A Refusal to Mourn the Death, by Indifference, of Bob Dylan’s Significance

…I drove down an aisle of sound, nothing real but in the bell…
– William Stafford, from Across Kansas
So long as he rides the wave of American music
as it rises in the Delta, in the Piedmont, in the Panhandle,

So long as he raises the questions that bubble beneath
the surface wherever shell-shocked citizens collect,

Bob Dylan songs ring true, so long as they comport
with Common Sense, Bob Dylan songs ring a bell.

But, when he finds red stripes in the American flag*
and sets out to alert his beleaguered sisters and brothers

That unseen actors wreak havoc, Bossman says no,
that song must go, but you can stay Bob Dylan, you can stay, just

So long as you play in the space laid aside for Minstrels and Rogues,
for Beatles and Jesters, where the Song ‘n Dance man rules the roost.

Dave Read

*CBS revoked its invitation for Bob Dylan to perform on the Ed Sullivan Show in May, 1963, because Dylan wanted to play “Talkin’ John Birch Paranoid Blues.” Thus allowed to gestate in the shadows, the John Birch Society morphed into today’s Republican Party. Remember kids, “He who pays the piper, calls the tune.” The network ran a piece on the Birchers some months later, remember? Of course not, but you wouldn’t have been able to get Dylan’s song out of your head.
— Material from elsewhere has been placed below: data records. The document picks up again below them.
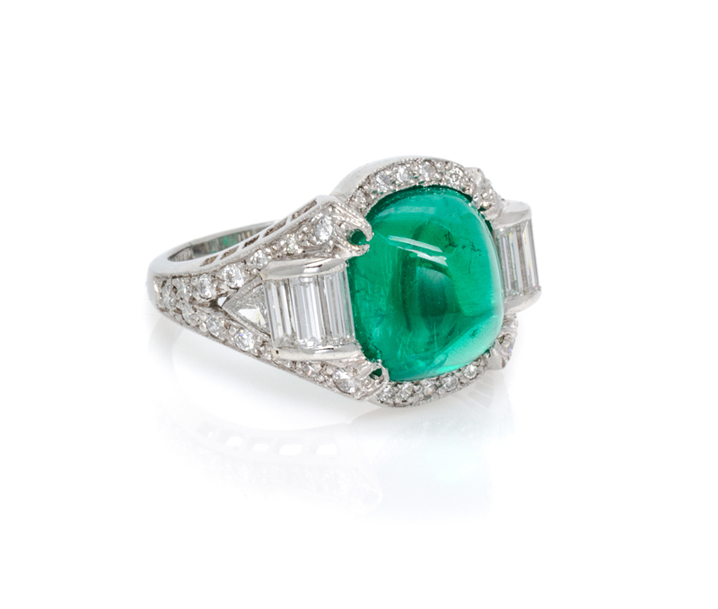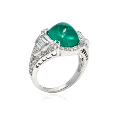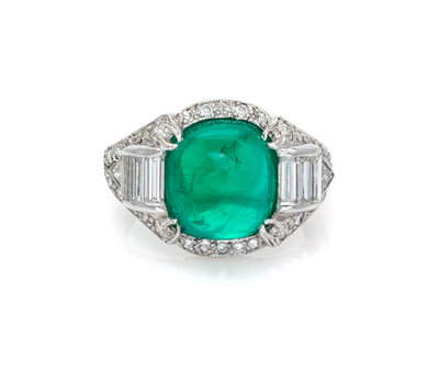 containing one sugarloaf cabochon cut emerald measuring approximately 10.25 x 9.71 x 7.12 mm, six baguette cut diamonds weighing approximately 0.40 carat total, two triangular brilliant cut diamonds weighing approximately 0.18 carat total, and 36 round brilliant cut diamonds weighing approximately 0.42 carat total.Stamp: PLATINUM.Accompanied by an American Gemological Laboratories emerald identification certificate number CS 71155, dated October 27, 2015, stating Mineral Type: Natural Beryl, Variety: Emerald, Clarity Enhancement: Insignificant, Traditional.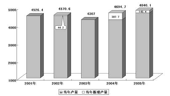 圖表三 “十五”期間糧食產(chǎn)量及增產(chǎn)情況 (單位:億公斤)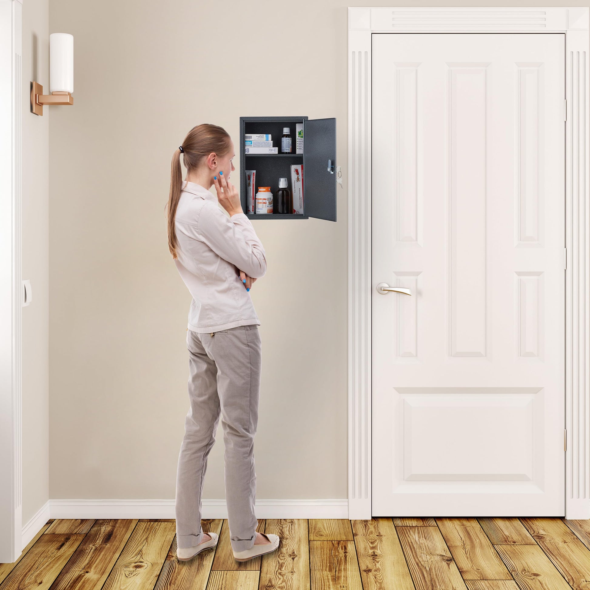 - Safe: Medicine cupboard can be locked - Children cannot get hold of medicines - With spare key

While Bob Dylan disclaims use of the Welsh poet’s name, we cop gladly to lifting this Dylan Thomas title: A Refusal to Mourn the Death, by Fire, of a Child in London

Across Kansas

My family slept those level miles
but like a bell rung deep till dawn
I drove down an aisle of sound,
nothing real but in the bell,
past the town where I was born.

Once you cross a land like that
you own your face more; what the light
struck told a self, every rock
denied all the rest of the world.
We stopped at Sharon Springs and ate –

My state still dark, my dream to long to tell.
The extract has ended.